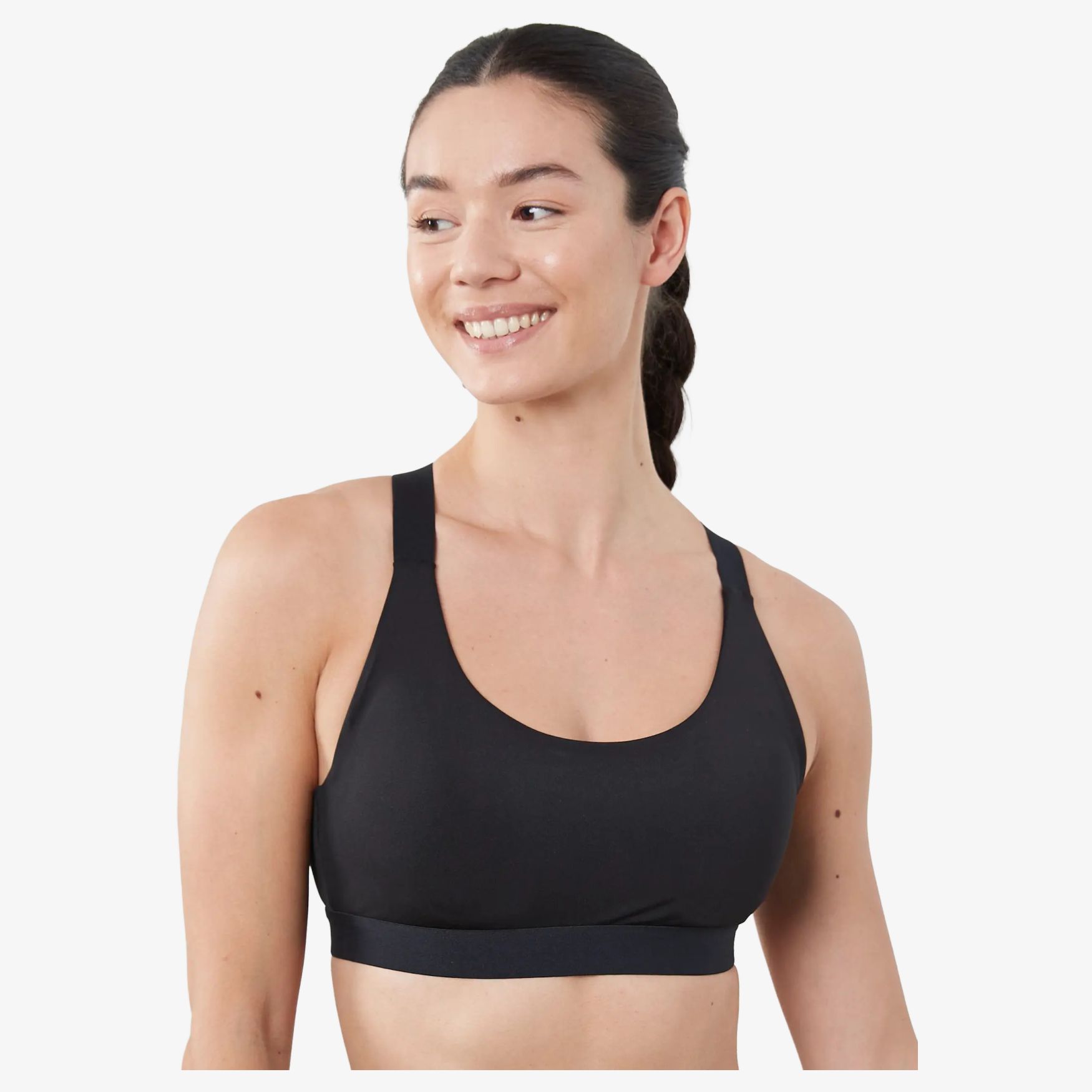 The Core bra Medium sports bra provides medium support for sports activities. Elasticated waistband, elasticated crossed straps at the back and metal back closure. Tear-away label.
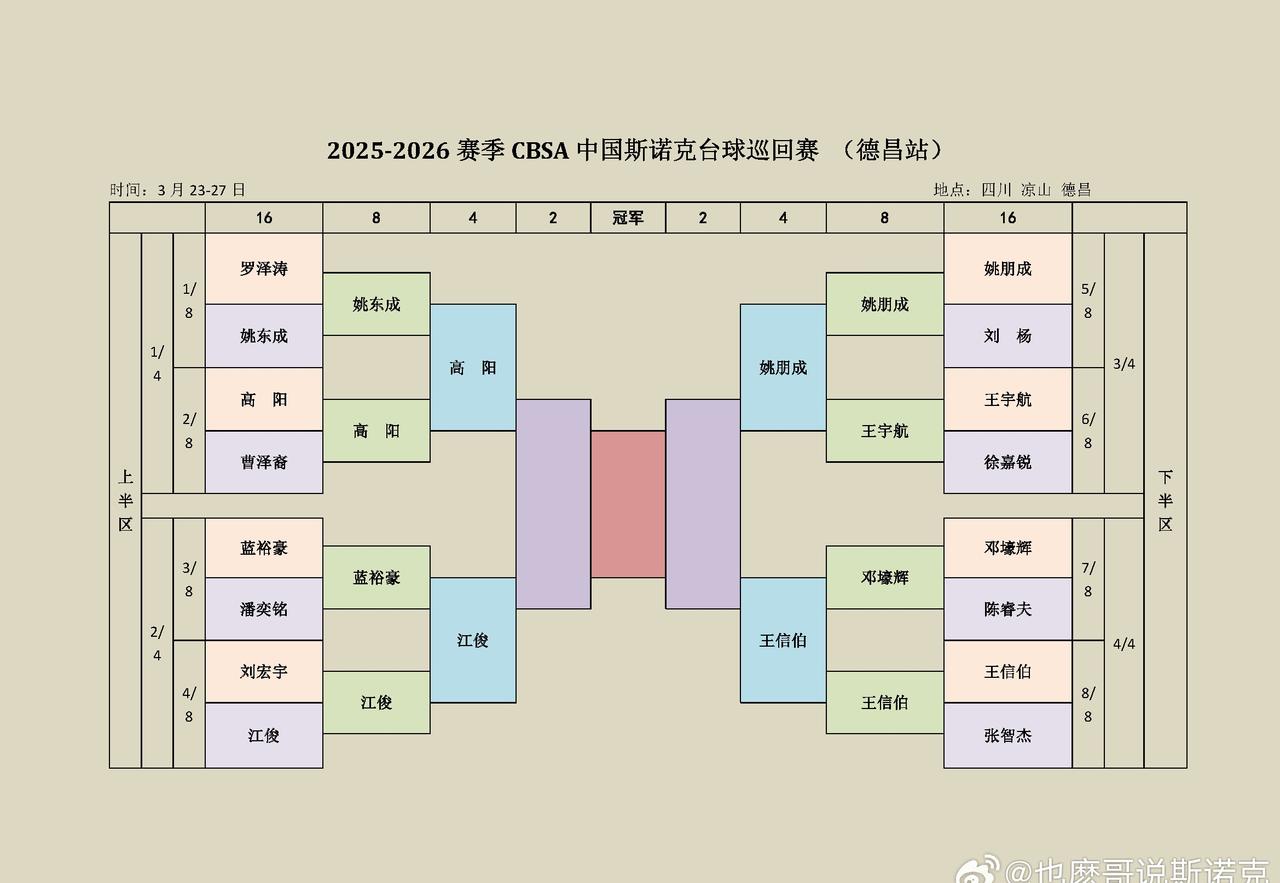 赛事信息:2025-2026中巡赛德昌站8进4比赛 2025-2026中巡赛德昌站,今日晚间进行了8进4的4场比赛,结果王信伯、 高阳、 江俊、姚朋成晋级半决赛。明天(27日) ​​​​10:00将进行两场半决赛,15点进行决赛。 ​​​
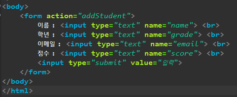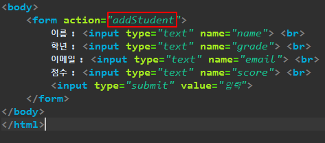 '입력' 이라는 버튼을 눌러서 form 요소의 submit 이벤트가 발생하게 되면 이미지상 빨간색으로 체크된 부분에 해당하는 값만 action 태그에 입력한 값으로 변경되기 때문에 form 요소에 앞 쪽에 있는 값 (/student)를 적지 않고 실질적인 요청 값만 적어주어도 된다.
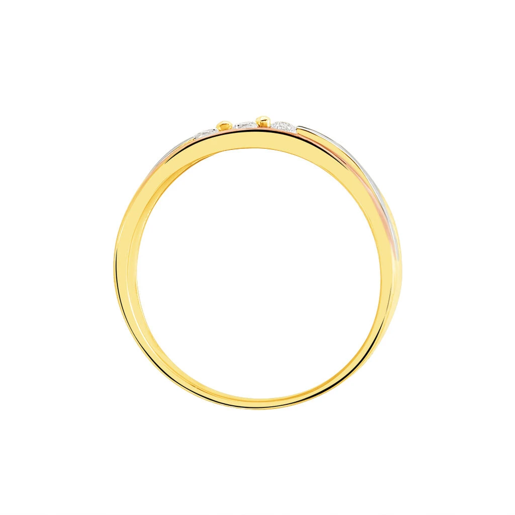Bague Or Tricolore 375/1000 3 Rangs Ajoures Trilogie Diamants 0.08cts
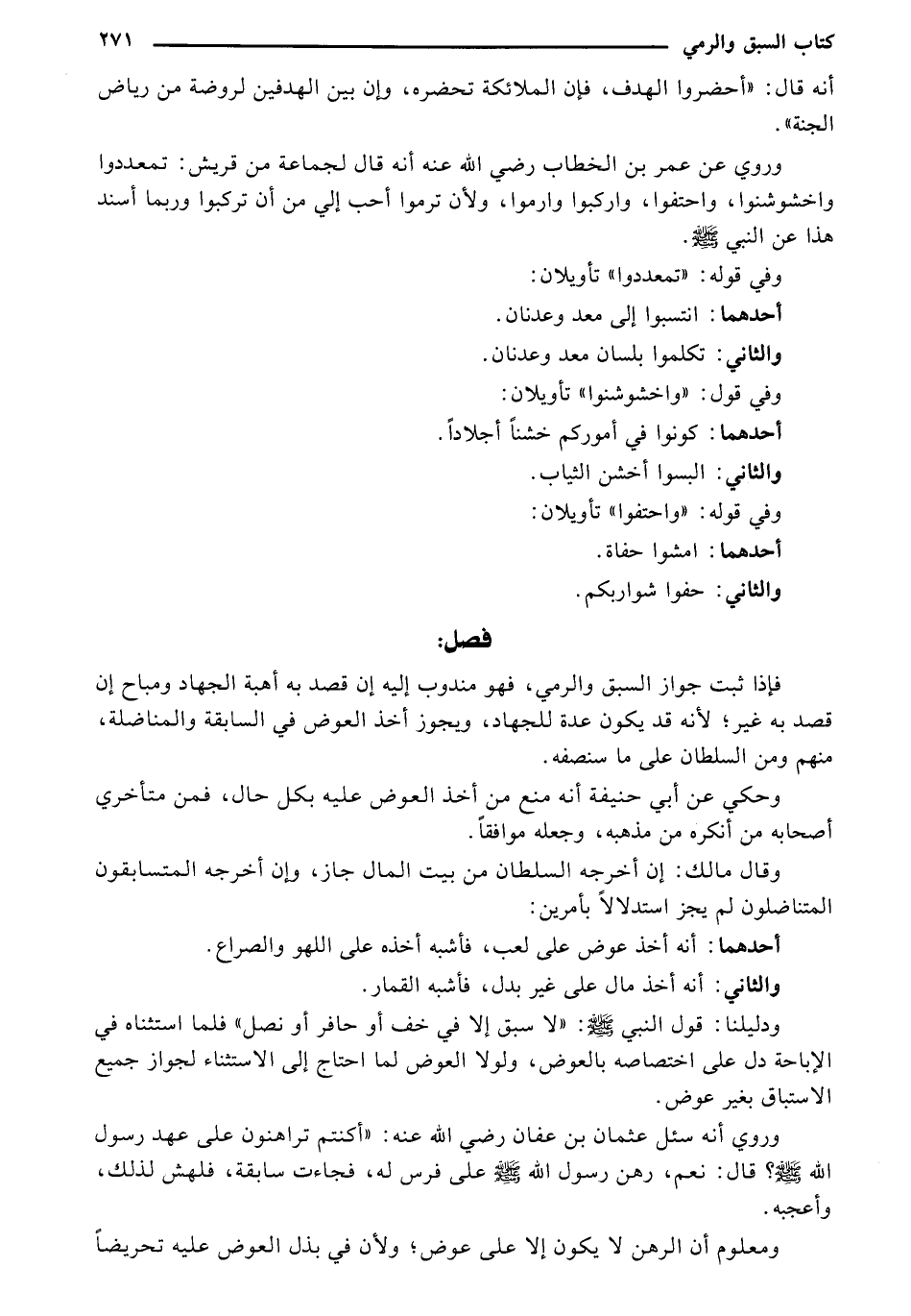 فإذا ثبت جواز السبق والرمي، فهو مندوب إليه إن قصد به أهبة الجهاد ومباح إن قصد به غير، لأنه يكون عدة للجهاد، ويجوز أخذ العوض في السابقة والمناضلة، منهم ومن السلطان على ما سنصفه.
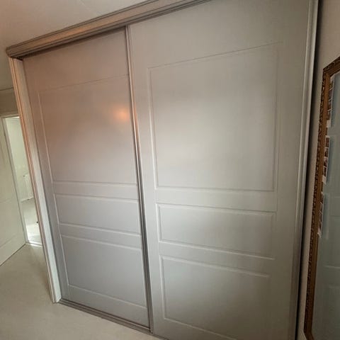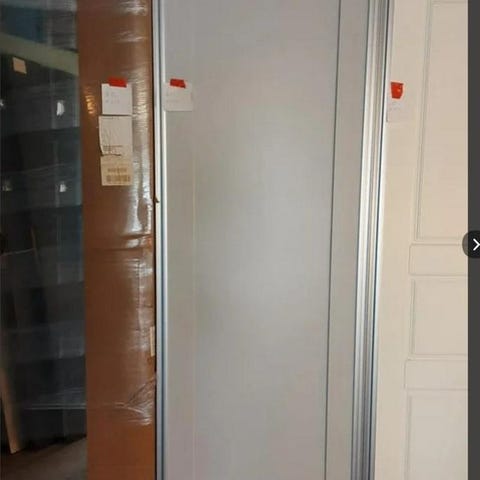 Vit skjutdörr med tillhörande skena. Några fläckar och småskav. 72 cm bred. Hämtas i Falun
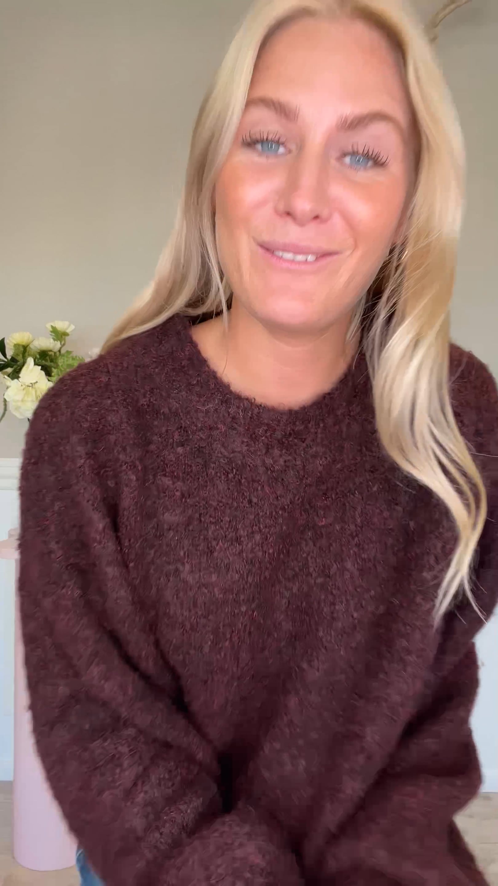 A-View har lavet denne skønne strik i en flot bordeaux farve. Kvaliteten er dejlig blød og den er derfor behagelig at have på hele dagen. Den er løs i pasformen og har rib afslutning ved hals, ærmer og bund. Den findes i flere farver.
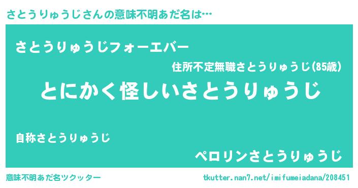 | ポケモン風あだ名 | 『ヒサトウリュウジ』『サトウダネ』 |

_ _ _ _ _ _ _

*Instructions to follow*. Using the listing above, copy every line from the line containing "A-View har lavet" through the last one, both included, and no other lines. Pictures stay out.

*Answer section*.
 A-View har lavet denne skønne strik i en flot bordeaux farve. Kvaliteten er dejlig blød og den er derfor behagelig at have på hele dagen. Den er løs i pasformen og har rib afslutning ved hals, ærmer og bund. Den findes i flere farver.
 | ポケモン風あだ名 | 『ヒサトウリュウジ』『サトウダネ』 |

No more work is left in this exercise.